* [REQUIREMENT]: For any picture in the lines below, please leave it out and copy the rest exactly.

* [DATA BELOW]:
◇ ◇ ◇

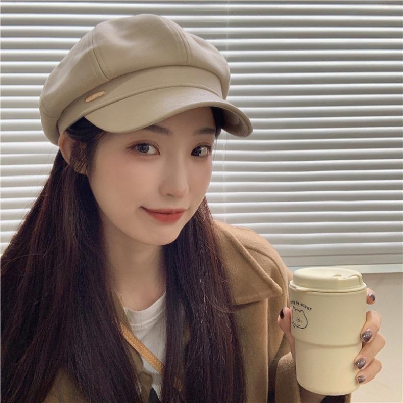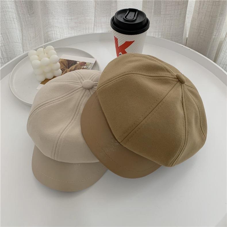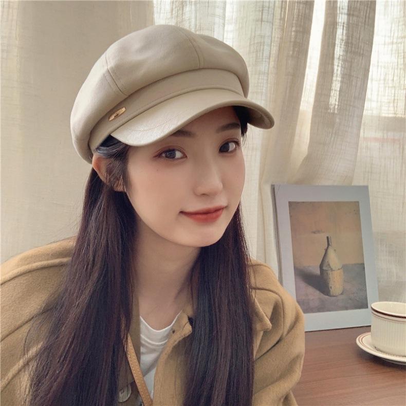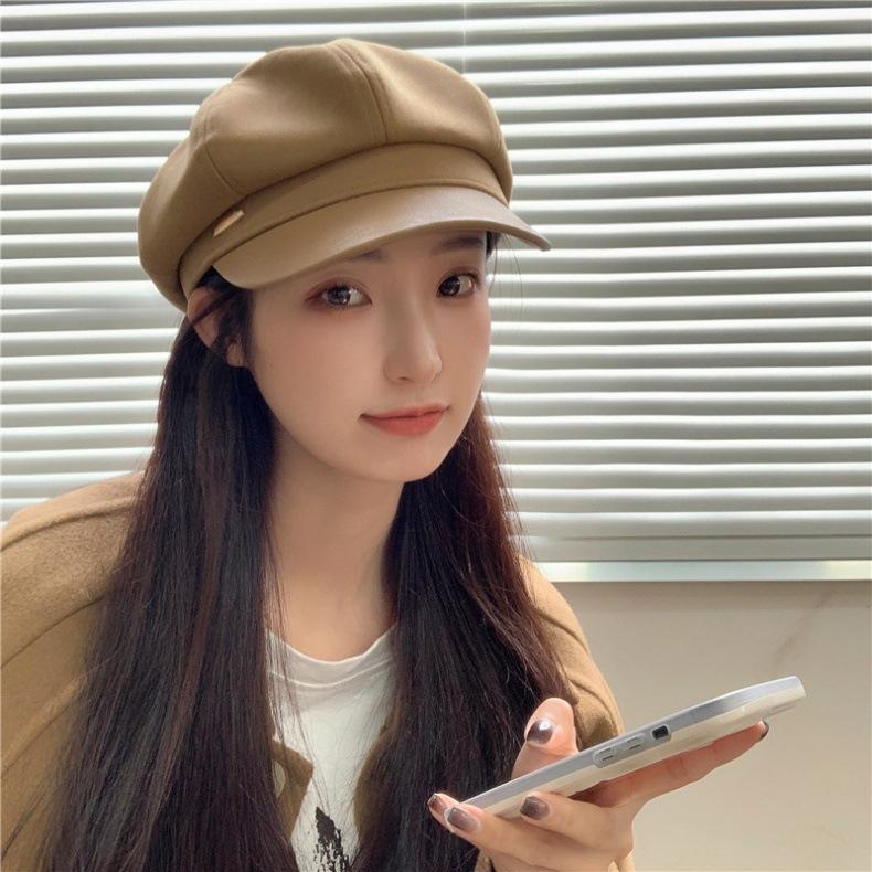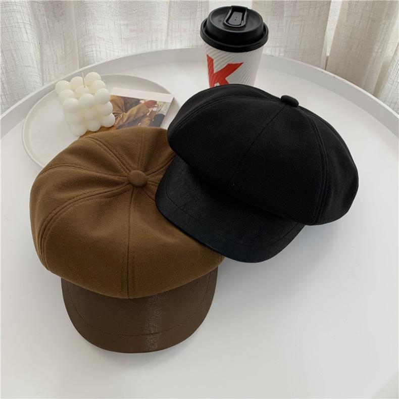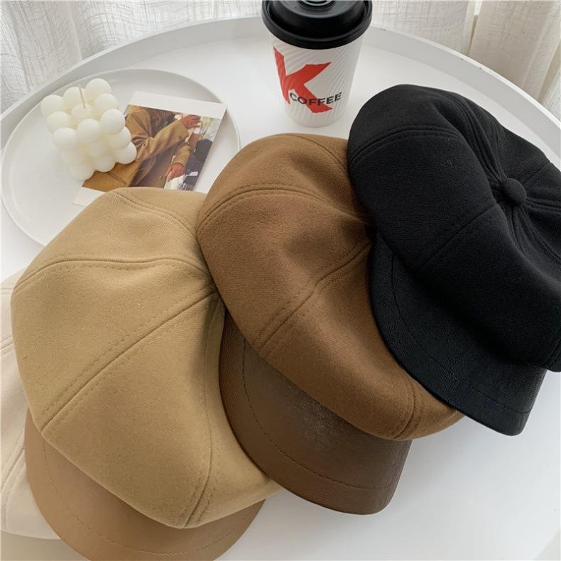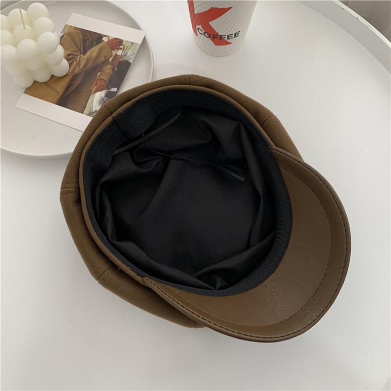 Boina de otoño marrón cálido con costuras de lana sintética para mujer, estilo coreano, otoño e invierno, versátil, retro, elegante, de moda, sombrero octogonal
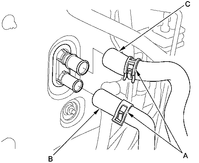 5. From under the hood, slide the hose clamps (A) back. Disconnect the inlet heater hose (B) and the outlet heater hose (C) from the heater unit. Note the layout of the hoses.
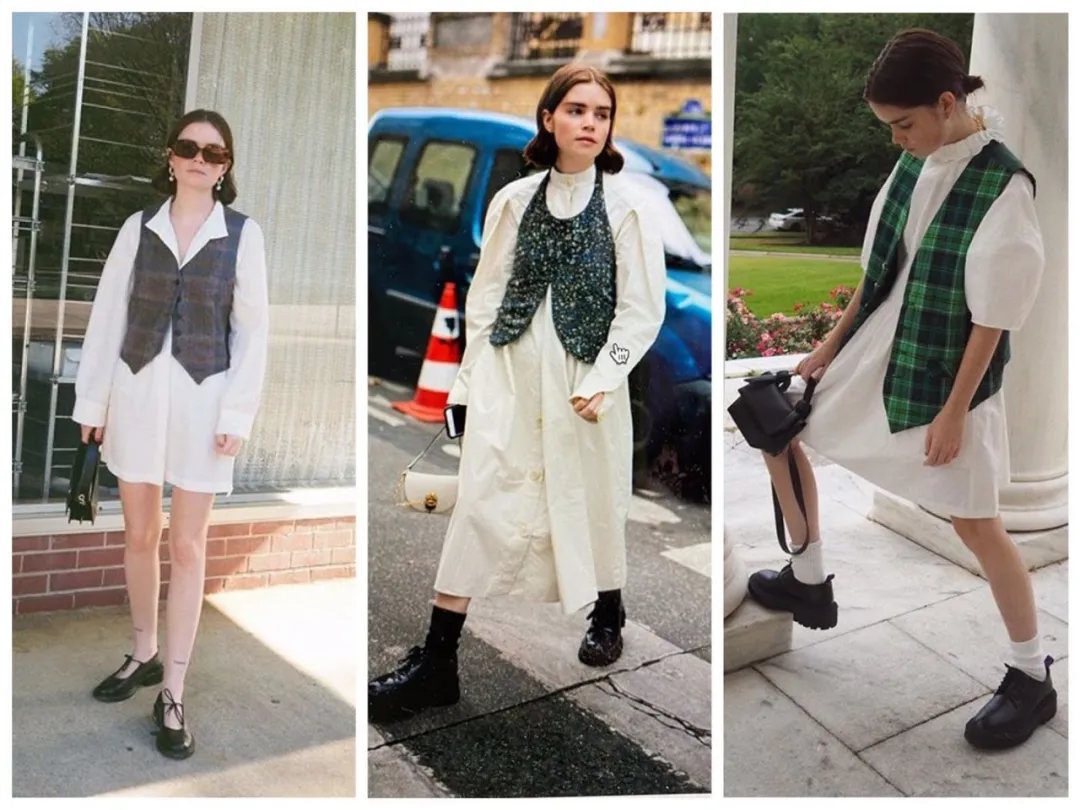 初秋单穿连衣裙未免缺乏层次,而搭配针织、西装、夹克又都玩腻了?不妨试试套马甲吧!

◇ ◇ ◇

* [TASK ANSWER]:
 Boina de otoño marrón cálido con costuras de lana sintética para mujer, estilo coreano, otoño e invierno, versátil, retro, elegante, de moda, sombrero octogonal
 5. From under the hood, slide the hose clamps (A) back. Disconnect the inlet heater hose (B) and the outlet heater hose (C) from the heater unit. Note the layout of the hoses.
 初秋单穿连衣裙未免缺乏层次,而搭配针织、西装、夹克又都玩腻了?不妨试试套马甲吧!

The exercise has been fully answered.